The tragedy lies in that people who understandably distrust the technocratic ethos of the healthcare system from their own personal experience of it, are likely to distrust it regarding public health. When they hear the pronouncements of the epidemiological bureaucrats, It feels like the same old soulless bureaucratic thing that they've come to hate about the healthcare system. If you dislike or distrust the healthcare system in one context, why should you trust it in this other? I think Anthony Fauci is a mensch, but I understand why he's so vulnerable to be vilified in the way he has been.
Over the last several weeks the talking-head docs on TV have been saying that the vaccine hesitant should trust their local health care providers and their exhortations to get vaccinated. But how many people have a personal relationship with their local healthcare provider? And so why would they be more likely to trust him or her? Why would they trust anybody whom they see as merely a functionary of the healthcare technocracy?

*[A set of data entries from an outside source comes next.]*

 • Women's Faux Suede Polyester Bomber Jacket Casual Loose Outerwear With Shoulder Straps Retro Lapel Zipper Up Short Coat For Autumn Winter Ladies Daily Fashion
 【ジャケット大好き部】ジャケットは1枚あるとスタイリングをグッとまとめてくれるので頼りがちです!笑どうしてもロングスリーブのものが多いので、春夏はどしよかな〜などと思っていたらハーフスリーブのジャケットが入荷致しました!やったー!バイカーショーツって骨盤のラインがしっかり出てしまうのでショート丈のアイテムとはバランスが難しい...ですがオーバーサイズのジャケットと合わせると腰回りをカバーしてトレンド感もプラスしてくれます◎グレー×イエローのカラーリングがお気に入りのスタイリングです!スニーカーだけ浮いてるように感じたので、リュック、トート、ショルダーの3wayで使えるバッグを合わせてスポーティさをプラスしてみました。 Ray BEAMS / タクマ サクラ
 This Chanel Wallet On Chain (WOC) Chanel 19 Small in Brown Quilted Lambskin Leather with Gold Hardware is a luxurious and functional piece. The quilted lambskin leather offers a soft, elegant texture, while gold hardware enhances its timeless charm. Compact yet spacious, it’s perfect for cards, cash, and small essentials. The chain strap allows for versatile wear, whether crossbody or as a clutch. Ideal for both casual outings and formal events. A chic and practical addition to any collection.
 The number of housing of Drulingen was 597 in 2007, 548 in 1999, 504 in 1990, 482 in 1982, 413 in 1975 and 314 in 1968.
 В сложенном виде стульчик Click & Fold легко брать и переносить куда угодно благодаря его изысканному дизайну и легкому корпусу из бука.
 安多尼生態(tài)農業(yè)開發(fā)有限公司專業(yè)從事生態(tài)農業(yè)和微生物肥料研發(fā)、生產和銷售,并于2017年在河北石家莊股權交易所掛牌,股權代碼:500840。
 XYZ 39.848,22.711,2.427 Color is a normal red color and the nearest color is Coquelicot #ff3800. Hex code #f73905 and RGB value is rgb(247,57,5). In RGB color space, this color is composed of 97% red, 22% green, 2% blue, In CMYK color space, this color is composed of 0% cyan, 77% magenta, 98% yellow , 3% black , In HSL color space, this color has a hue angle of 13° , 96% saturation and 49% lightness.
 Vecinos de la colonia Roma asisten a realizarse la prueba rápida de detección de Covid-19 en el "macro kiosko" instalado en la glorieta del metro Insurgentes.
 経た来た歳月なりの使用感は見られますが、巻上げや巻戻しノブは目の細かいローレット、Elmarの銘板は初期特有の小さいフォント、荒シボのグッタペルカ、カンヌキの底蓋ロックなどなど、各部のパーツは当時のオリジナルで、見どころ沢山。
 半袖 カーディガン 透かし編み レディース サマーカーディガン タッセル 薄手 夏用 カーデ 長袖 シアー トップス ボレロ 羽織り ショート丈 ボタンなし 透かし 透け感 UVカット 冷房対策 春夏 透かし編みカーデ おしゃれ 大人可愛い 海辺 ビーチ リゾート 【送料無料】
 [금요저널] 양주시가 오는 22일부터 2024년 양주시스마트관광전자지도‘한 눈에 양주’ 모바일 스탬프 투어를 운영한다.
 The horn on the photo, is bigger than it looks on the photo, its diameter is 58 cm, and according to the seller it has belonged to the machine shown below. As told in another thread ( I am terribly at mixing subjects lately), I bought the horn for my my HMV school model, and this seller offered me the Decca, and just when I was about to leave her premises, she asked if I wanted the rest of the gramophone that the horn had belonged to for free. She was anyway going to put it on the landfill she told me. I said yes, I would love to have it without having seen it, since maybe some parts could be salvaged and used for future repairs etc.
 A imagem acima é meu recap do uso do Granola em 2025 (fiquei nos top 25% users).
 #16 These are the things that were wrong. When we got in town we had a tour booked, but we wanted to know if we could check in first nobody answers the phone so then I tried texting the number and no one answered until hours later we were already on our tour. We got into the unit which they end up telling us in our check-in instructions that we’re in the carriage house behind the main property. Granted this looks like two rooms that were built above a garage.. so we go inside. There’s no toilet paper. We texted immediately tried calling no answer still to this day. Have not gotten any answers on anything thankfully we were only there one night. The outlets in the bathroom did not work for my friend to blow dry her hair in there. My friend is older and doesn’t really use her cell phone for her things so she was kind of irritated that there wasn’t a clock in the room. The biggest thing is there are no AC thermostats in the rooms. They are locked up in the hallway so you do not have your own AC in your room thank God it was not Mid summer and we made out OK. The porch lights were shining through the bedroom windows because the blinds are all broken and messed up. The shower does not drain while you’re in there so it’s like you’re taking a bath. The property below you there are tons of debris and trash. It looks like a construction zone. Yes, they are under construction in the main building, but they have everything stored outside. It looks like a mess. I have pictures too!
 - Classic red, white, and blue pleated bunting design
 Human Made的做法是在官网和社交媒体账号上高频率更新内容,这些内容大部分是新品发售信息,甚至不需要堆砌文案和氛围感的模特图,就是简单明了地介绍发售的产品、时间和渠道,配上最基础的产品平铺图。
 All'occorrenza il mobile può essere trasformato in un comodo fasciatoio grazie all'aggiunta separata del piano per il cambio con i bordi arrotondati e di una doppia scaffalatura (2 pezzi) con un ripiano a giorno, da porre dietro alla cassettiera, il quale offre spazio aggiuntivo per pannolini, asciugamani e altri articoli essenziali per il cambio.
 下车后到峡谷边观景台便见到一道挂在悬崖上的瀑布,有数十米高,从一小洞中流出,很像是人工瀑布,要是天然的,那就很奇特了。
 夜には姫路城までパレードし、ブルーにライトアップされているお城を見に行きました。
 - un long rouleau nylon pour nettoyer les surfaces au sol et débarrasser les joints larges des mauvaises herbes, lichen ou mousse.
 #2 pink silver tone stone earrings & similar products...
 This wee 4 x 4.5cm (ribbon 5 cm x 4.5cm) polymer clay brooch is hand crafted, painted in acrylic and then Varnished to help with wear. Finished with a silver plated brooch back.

In my own case, my provider is a nice enough guy, but I don't know him and he doesn't know me except for what's on my chart. When I visit for my once-a-year check up, I listen and ask questions, but I take every thing he says with a grain of salt. He provides some information that I recognize as important, but I evaluate it within a broader spectrum of information I take into consideration when making decisions about my health.
For better or worse, I trust my own spirit of finesse over the recommendations of someone whose advice is legitimated only by the spirit of geometry. I have come to believe that I must supply what he lacks. Better if I could find a doc who had both, but good luck finding one.